Every year, be sure to include a small budget for postal errors as part of your expenses. Having one in place means your profits will stay intact and you won’t feel as sick any time an unexpected loss comes about because of a shipping error. Once a year has gone by, you can easily compare your actual shipping losses to the budget you created and tweak it for the following year. You can also use the budget as a goal by aiming to make the amount smaller and smaller (and in turn, your losses smaller and smaller) every year.

2. Stock up big time

Isn’t running out of shipping supplies just the worst? You have a bunch of packages to go out and you realize that you’re out of bubble mailer #4 which means you have to run out to the store and grab a few packs in order to get your next set of items out. That’s no way to live, especially when you’re running a business, because the extra gas and time costs add up quick. Instead, try the following:

–> always have a huge stock of shipping supplies on hand
–> do a physical inventory weekly to see what you’re running low on
–> factor in supply shopping during weekly outings (grocery, walmart, dollar store) with your family to save on time
–> for high volume sellers with a ton of different shipping suppliers, try a spreadsheet to keep track of supplies and watch it weekly to keep on top of low amounts.

3. Include handling costs

Instead of running constant ‘free shipping’ gimmicks, try not only having the proper shipping prices in place, include a small fee for your extra costs such as packaging materials and gas to the post office. If your products are top notch and something people want, they’ll be willing to pay the correct shipping cost to get the goods in their hands.

4. Always overdo padding

It doesn’t matter if your items are fragile or not, treat every item the same and ALWAYS overdo the padding with extra bubble wrap, tissue paper and/or foam peanuts. The one time you skimp (tisk tisk, maybe because you ran out of supplies!?) you’ll hear some horror story about the mailman triple shoving the item in a tiny window and your customer will not be happy. By ensuring your package is well padded, regardless of the item inside, you’ll never have to worry that your latest customer will find fault with the way you handled packaging her precious item.

5. Find cheap supplies

I’ve run into several sellers who seem to think that the price of shipping materials is outrageous but even living in Canada, where we aren’t offered free shipping supplies through our shipping carriers like many in the U.S. are, I’ve always managed to find cheap supplies. While some of the following ideas don’t really support the ‘handmade’ mentality, it can be awful costly (and/or time consuming) to create your own shipping materials using PDF envelope templates and eco-friendly materials all the time:

–> Try your local dollar shop for packs of bubble envelopes, mailing labels, packing tape and bubble wrap. The big chains seem to have the best selection at the lowest prices but do keep in mind that since dollar stores have a little bit of everything, you may need to try more than one location to get the amount of materials you need for say a months worth of shipping.

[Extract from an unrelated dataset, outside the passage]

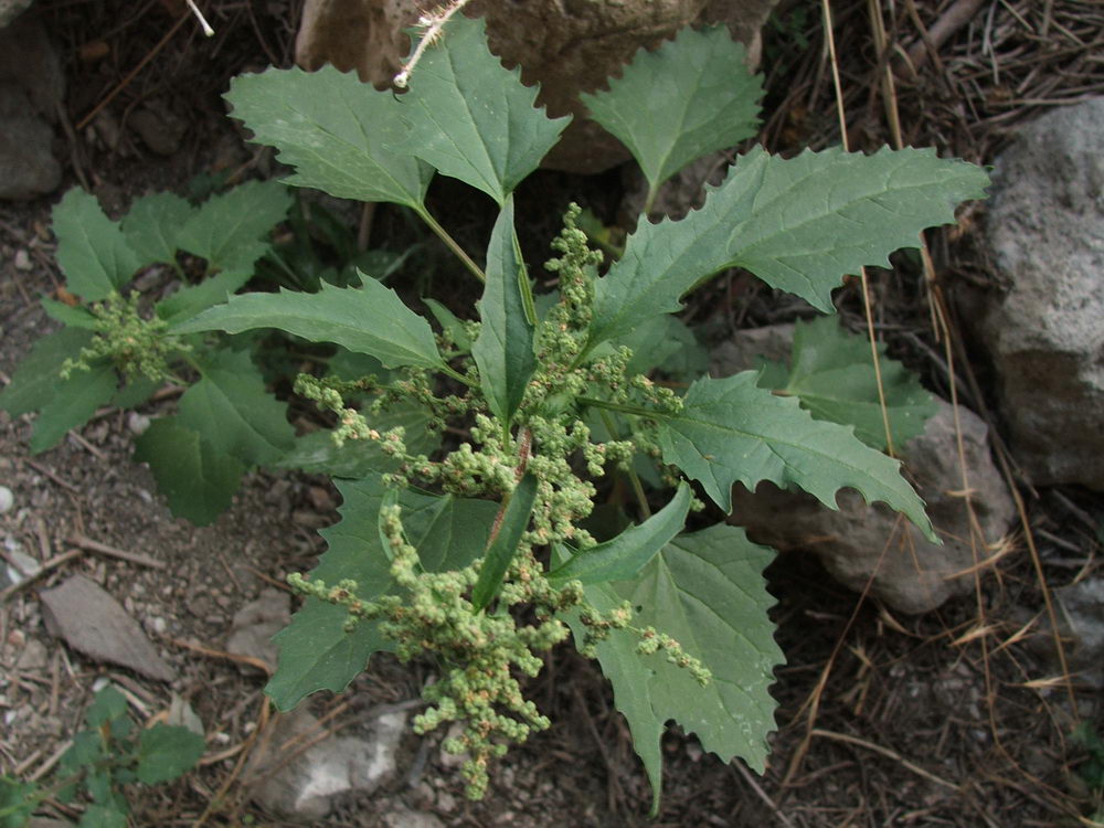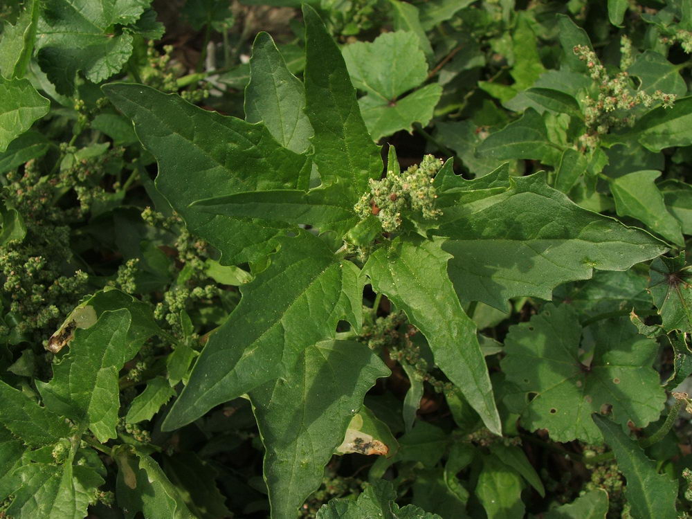 Часто верхние листья мари стенной похожи на листья мари красной, нижние обычно шире и срезанны в основании.Мне видится красная, а если знающие murale не по наслышке видят ее и уверены, что у этого вида могут быть так глубоко прорезаны края листьев, то давайте будем считать, что я не прав. |

–> Another great source of lower priced shipping materials (while not as cheap as a dollar store) would come from places like Wal-Mart and Target. While they don’t have prices as low as dollar stores, they usually have larger pack sizes (think envelopes in packs of 10 and gigantic rolls of bubble wrap) and more stock on hand meaning you don’t need to try more than one location to get everything you need.

–> Sales abound after every holiday or special event, so be sure to keep your eye out for discounted tissue paper, tags, boxes and ribbon during this time for super discounted pricing on your supplies.

–> Check with your local post office to see if they have any cheap supplies. While most are overpriced, some carriers do offer very cheap supplies (think 1 cent envelopes) online to get you using their online shipping tools, so it’s worth asking about.

6. Find free supplies

There are loads of ways to get free supplies, here are a few ideas:

–> Grocery stores: next time you’re grocery shopping, grab a handful of well picked boxes (most stores keep them at the front near the cash registers for customers who want an alternative to plastic bags) that have solid lids and closed bottoms for your next large and custom orders.

–> Friends & family: during my days as an Etsy and eBay seller, friends and family members were a huge help in allowing me to gain tons of free supplies because they were more than willing to hang onto any materials they came into contact with. Spread the word by sending out a quick email to people you see often enough asking them to keep materials from any online and offline purchases they make so you can use them for your business. They’ll all be happy to help and it will save you tons of cash.

–> Recycled materials: just like with friends and family, you and members of your household probably do a fair bit of online shopping so be sure to save all the materials from these purchases for your own business. Same goes for packaging materials from birthday parties and holiday gifts, the tissue and ribbon in particular are great touches when sending out your packages in style.

–> Check with your local post office to see if they offer free shipping supplies. Many will offer free boxes, labels and envelopes, especially if you plan to use online shipping tools.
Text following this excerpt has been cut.